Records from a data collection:
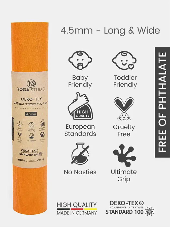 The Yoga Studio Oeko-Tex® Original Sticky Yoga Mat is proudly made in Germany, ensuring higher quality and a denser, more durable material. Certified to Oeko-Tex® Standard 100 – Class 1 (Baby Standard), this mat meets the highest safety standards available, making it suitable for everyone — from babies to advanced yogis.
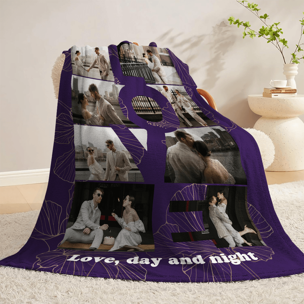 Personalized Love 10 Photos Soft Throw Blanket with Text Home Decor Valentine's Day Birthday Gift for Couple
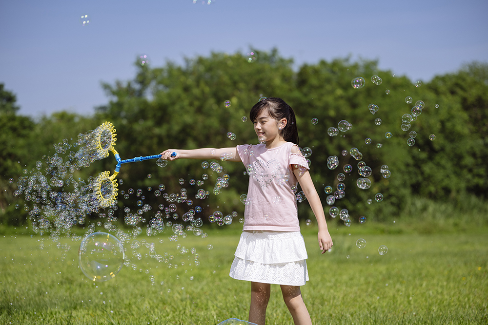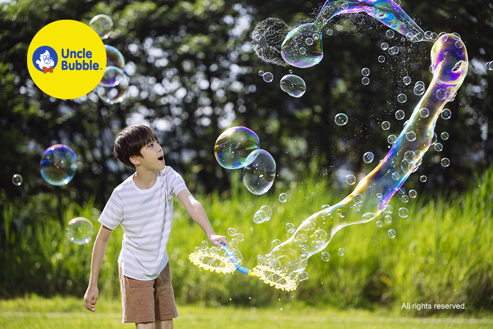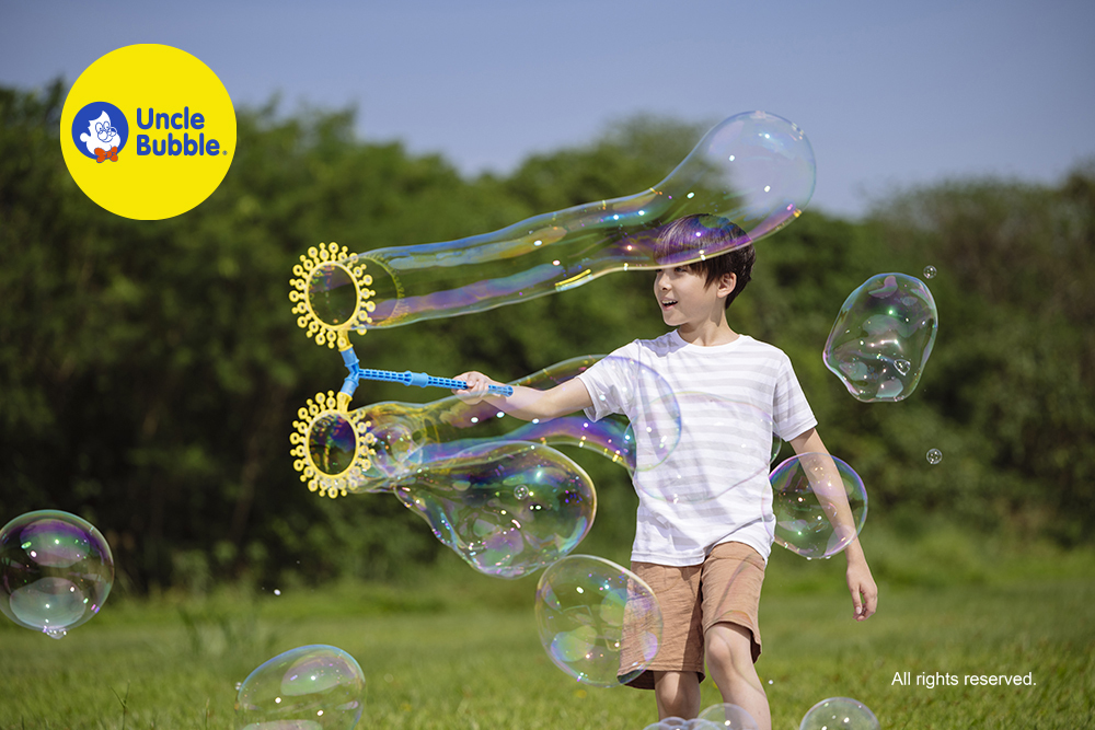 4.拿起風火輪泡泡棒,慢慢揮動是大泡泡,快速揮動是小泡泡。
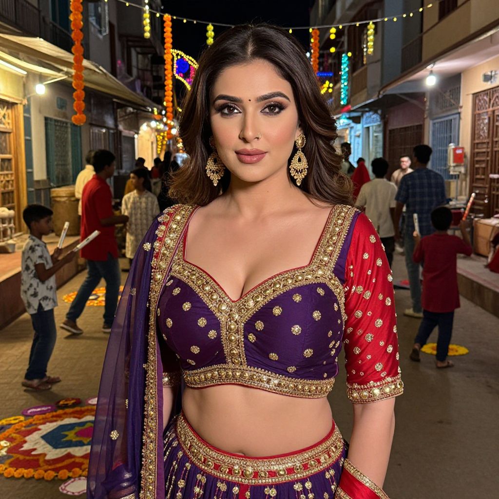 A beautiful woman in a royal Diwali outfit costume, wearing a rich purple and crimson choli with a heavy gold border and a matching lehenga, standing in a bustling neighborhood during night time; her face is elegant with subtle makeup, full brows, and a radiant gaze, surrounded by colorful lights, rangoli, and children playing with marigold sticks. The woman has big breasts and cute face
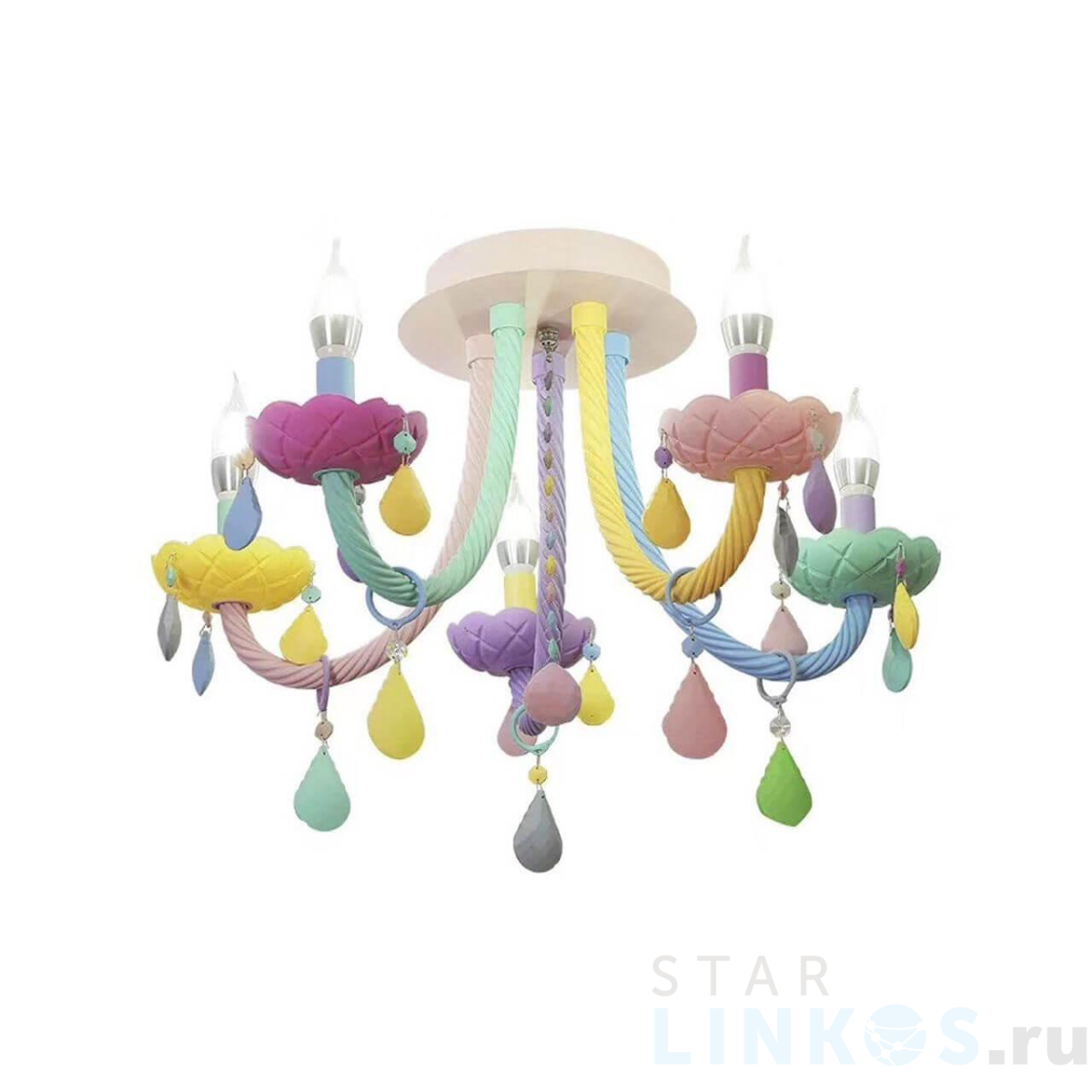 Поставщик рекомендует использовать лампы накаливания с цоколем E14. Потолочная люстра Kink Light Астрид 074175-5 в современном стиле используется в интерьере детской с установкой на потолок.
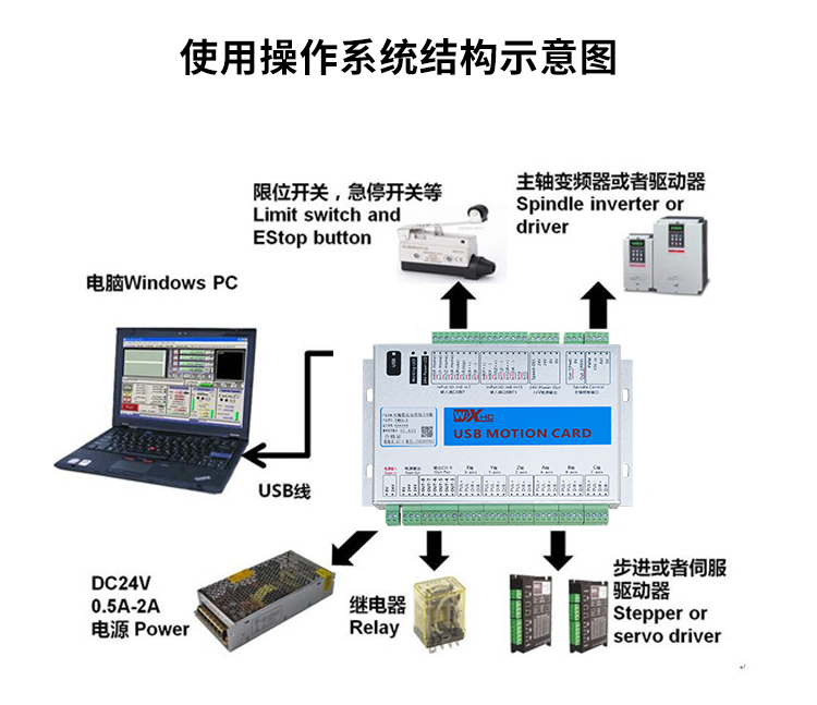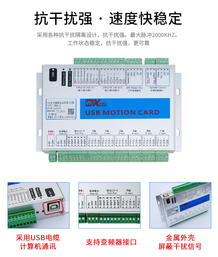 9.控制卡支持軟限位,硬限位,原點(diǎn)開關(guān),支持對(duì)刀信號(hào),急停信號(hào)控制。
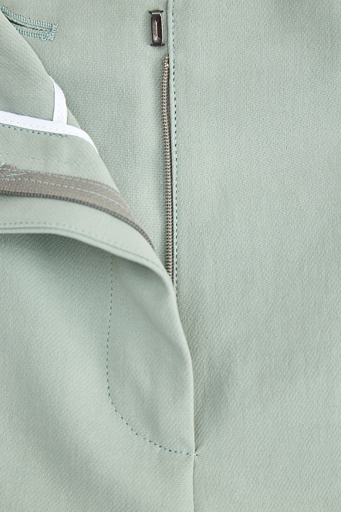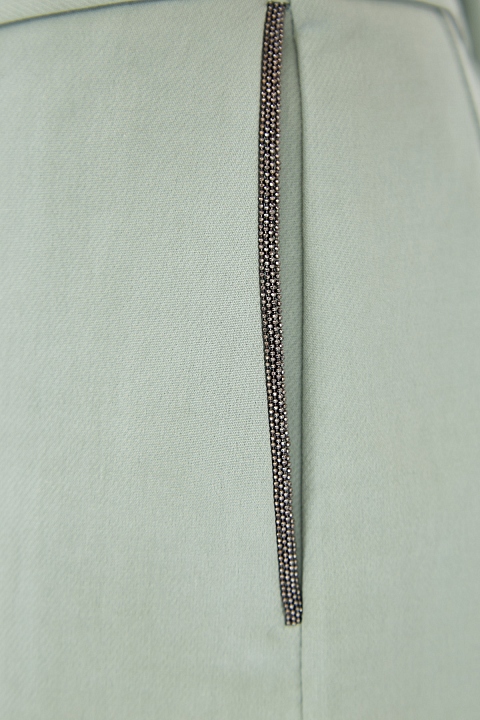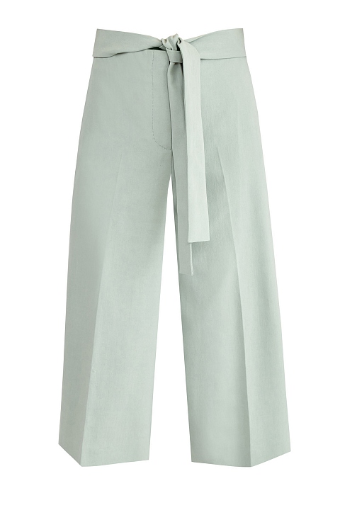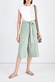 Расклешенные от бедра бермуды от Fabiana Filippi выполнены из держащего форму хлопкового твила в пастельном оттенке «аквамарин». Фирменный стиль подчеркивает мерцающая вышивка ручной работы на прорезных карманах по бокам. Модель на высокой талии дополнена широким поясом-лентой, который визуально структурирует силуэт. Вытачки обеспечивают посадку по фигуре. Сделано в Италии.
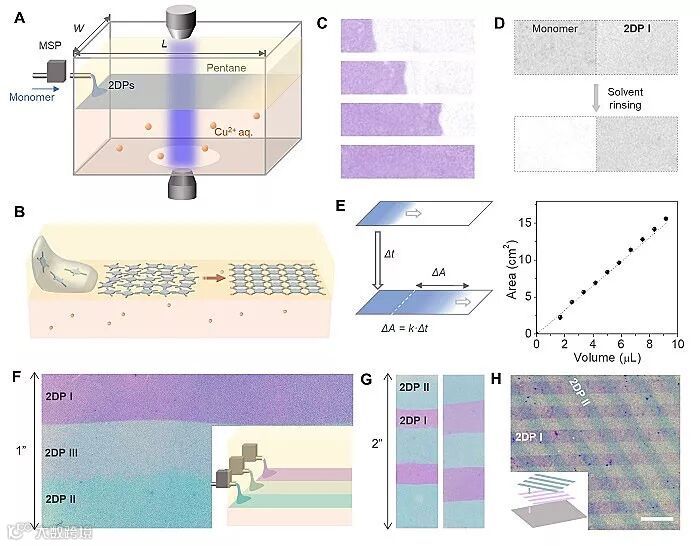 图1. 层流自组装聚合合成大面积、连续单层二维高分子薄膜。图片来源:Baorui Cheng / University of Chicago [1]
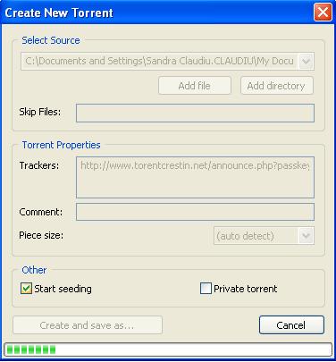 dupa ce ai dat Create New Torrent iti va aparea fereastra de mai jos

_WORK TO COMPLETE_
Print all the entries again exactly as written, but without the pictures.

_OUTPUT FOR THIS EXERCISE_
 The Yoga Studio Oeko-Tex® Original Sticky Yoga Mat is proudly made in Germany, ensuring higher quality and a denser, more durable material. Certified to Oeko-Tex® Standard 100 – Class 1 (Baby Standard), this mat meets the highest safety standards available, making it suitable for everyone — from babies to advanced yogis.
 Personalized Love 10 Photos Soft Throw Blanket with Text Home Decor Valentine's Day Birthday Gift for Couple
 4.拿起風火輪泡泡棒,慢慢揮動是大泡泡,快速揮動是小泡泡。
 A beautiful woman in a royal Diwali outfit costume, wearing a rich purple and crimson choli with a heavy gold border and a matching lehenga, standing in a bustling neighborhood during night time; her face is elegant with subtle makeup, full brows, and a radiant gaze, surrounded by colorful lights, rangoli, and children playing with marigold sticks. The woman has big breasts and cute face
 Поставщик рекомендует использовать лампы накаливания с цоколем E14. Потолочная люстра Kink Light Астрид 074175-5 в современном стиле используется в интерьере детской с установкой на потолок.
 9.控制卡支持軟限位,硬限位,原點(diǎn)開關(guān),支持對(duì)刀信號(hào),急停信號(hào)控制。
 Расклешенные от бедра бермуды от Fabiana Filippi выполнены из держащего форму хлопкового твила в пастельном оттенке «аквамарин». Фирменный стиль подчеркивает мерцающая вышивка ручной работы на прорезных карманах по бокам. Модель на высокой талии дополнена широким поясом-лентой, который визуально структурирует силуэт. Вытачки обеспечивают посадку по фигуре. Сделано в Италии.
 图1. 层流自组装聚合合成大面积、连续单层二维高分子薄膜。图片来源:Baorui Cheng / University of Chicago [1]
 dupa ce ai dat Create New Torrent iti va aparea fereastra de mai jos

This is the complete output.